At the very end of the selection process, I concluded that one part of the church was not represented: the youths. A majority of the committee responded by saying that a high school student would be too immature to make a meaningful contribution to a community-changing decision. Others simply said, “The kids should not have a voice in this.” I, of course, disagreed.
So it was that I appointed a young woman, junior in high school, whose father was a local lawyer and active member in the church community. After a brief furor erupted, the committee embraced the kid, and our work began in earnest.
As anyone who has served on a search committee knows, the process is complex and tedious. Marketing the position, looking at resumes, weeding out candidates, checking references, narrowing the list, making visits to see the candidates in action, narrowing the list further, inviting finalists for interviews, verifying credentials, and interviewing members of their current church. Weekly meetings at night, traveling on weekends, and sharing viewpoints with each other.
As fate would have it, one young woman from the Baltimore area, where our daughter was in school, really impressed the group that went to see her in the pulpit. By chance, I knew one of her parishioners, who spoke with the highest esteem for her talents. And she moved to our finalist list and came for a visit. The committee was impressed.

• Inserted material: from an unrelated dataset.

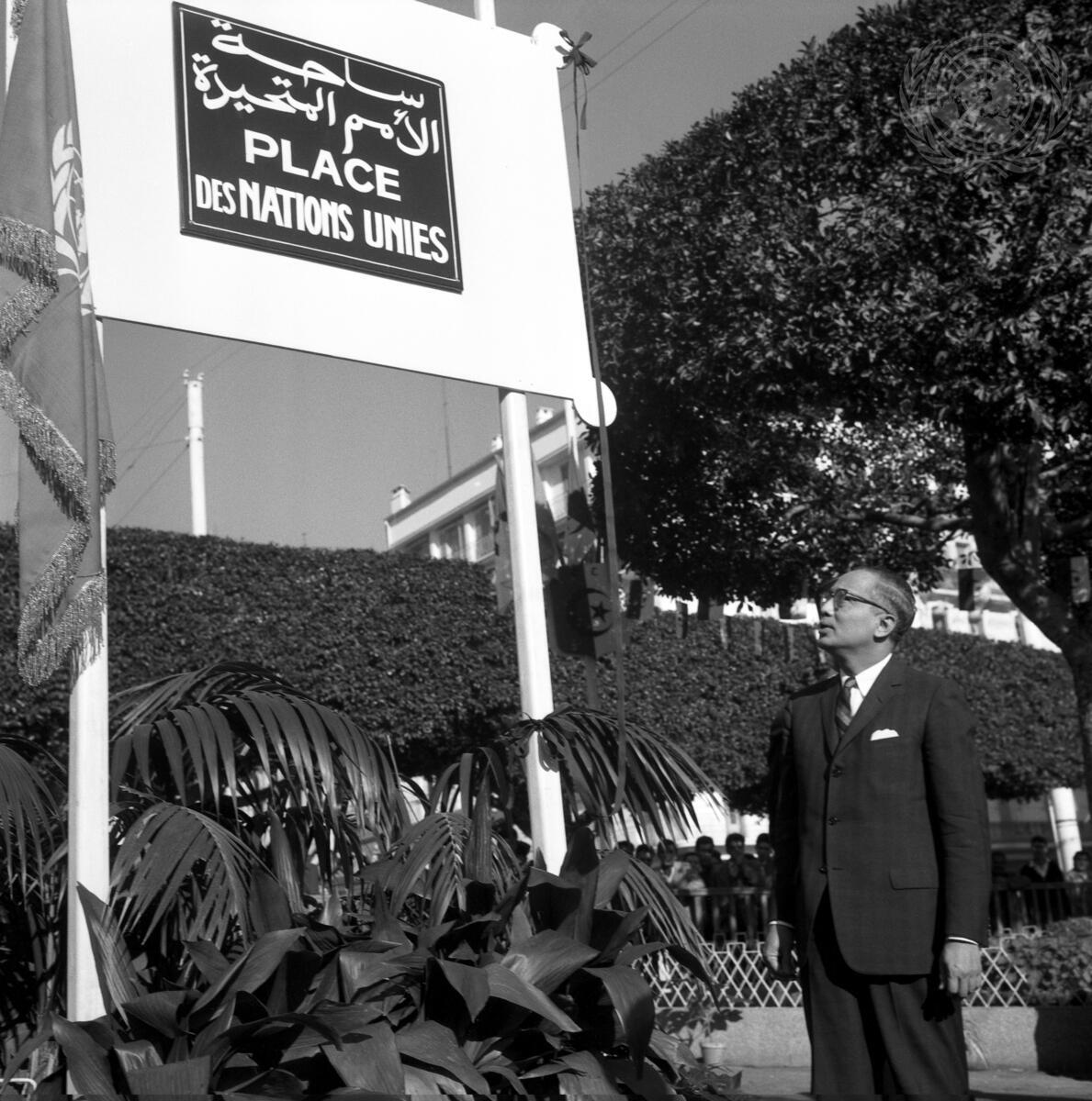 Secretary-General U Thant is seen here during the inauguration of the United Nations square, located in the center of Algiers

As the committee began discussing the two finalists, the schism became obvious. “We have never had a woman rector,” flatly stated the editor of a local paper, “and we shouldn’t start now.” Others chimed in on both sides. My dream of a unanimous vote seemed fractured beyond hope.
And that is when she spoke. Our high school student looked around the room crowded with educated, intelligent adults and looked deep into our eyes, “My entire life, all of you have told me to dream, that I could be anything that I wanted. A doctor, lawyer, teacher, or governor. If you are now saying that she cannot be our rector because she is a woman, you have been lying to me.” “My dreams are shattered,” she concluded.
In a most poignant and moving moment, my dream of a unified committee voice was fulfilled. We called a woman to be rector for the first time in the church’s one-hundred-plus years of existence. The vote was unanimous. As noted, not everyone was thrilled. But change is hard.
To our young high school hero, I simply said, “Thank you. Dream on!”